The authors of a case report (Yazici and Percinel 2014) and a case series (Yazici and Percinel 2015) describe the use of N-acetylcysteine (NAC) augmentation for treatment-resistant OCD in children and adolescents. NAC dosages were initiated at 600 mg/day and increased up to 2,400–3,000 mg/day. Improvement in OCD symptoms was found in some cases.
SSRIs are the medication treatment of choice for OCD in children and adolescents (American Academy of Child and Adolescent Psychiatry 2012). Clomipramine is also effective in the treatment of this disorder; however, it is not a first-line treatment because of its adverse-event profile. A 12-week trial at an adequate dosage is indicated to determine whether a child with OCD will respond to an SSRI. If a child fails to respond to one SSRI, switching to another SSRI is a reasonable strategy. Clomipramine, either as monotherapy or as augmentation of an SSRI, may be a third treatment option. Other possible SSRI augmentation strategies are clonazepam and atypical antipsychotics; however, these agents have not received systematic study. Some children may require long-term medication maintenance; however, it is reasonable to attempt medication discontinuation 1 year after symptom stabilization. Medication should be tapered gradually to assess for relapse. Two or three relapses should lead to long-term treatment.

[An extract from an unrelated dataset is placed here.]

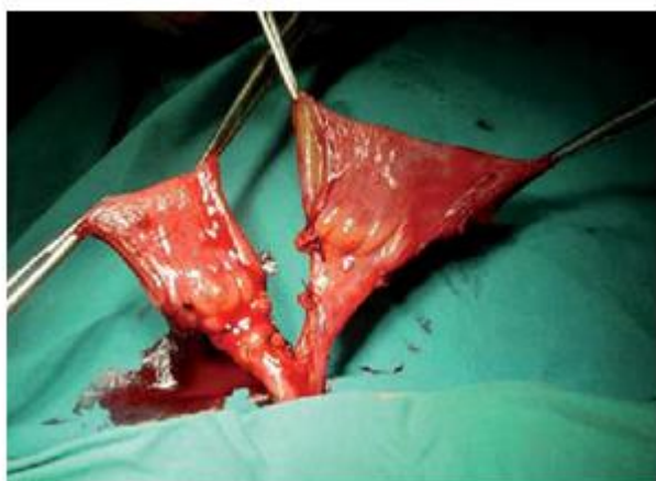
Figure 2 . Isolation of 2 ileal segments on their mesenteric pedicle

The prevalence of posttraumatic stress disorder (PTSD) in adolescents is reported to be 5% (Merikangas et al. 2010). The criteria for diagnosing PTSD in children older than age 6 years are the same as those used for adults (American Psychiatric Association 2013). PTSD symptoms in children tend to vary over time, and although the disorder is chronic, the course is prolonged with greater severity of the stressor (Clarke et al. 1993).
The efficacy of sertraline was evaluated in a 10-week double-blind, placebo-controlled trial in 131 children and adolescents with PTSD (Robb et al. 2010). Sertraline dosages ranged from 50 to 200 mg/day. There was no difference between sertraline-treated patients and placebo-treated patients in scores on the primary outcome measure, the University of California, Los Angeles Post-Traumatic Stress Disorder Index for DSM-IV (UCLA PTSD-I).
The benefit of adding sertraline versus placebo to trauma-focused CBT was assessed in a controlled 12-week trial (Cohen et al. 2007). Although both groups showed significant improvement in symptoms of PTSD, there was no significant advantage from adding sertraline rather than placebo to CBT.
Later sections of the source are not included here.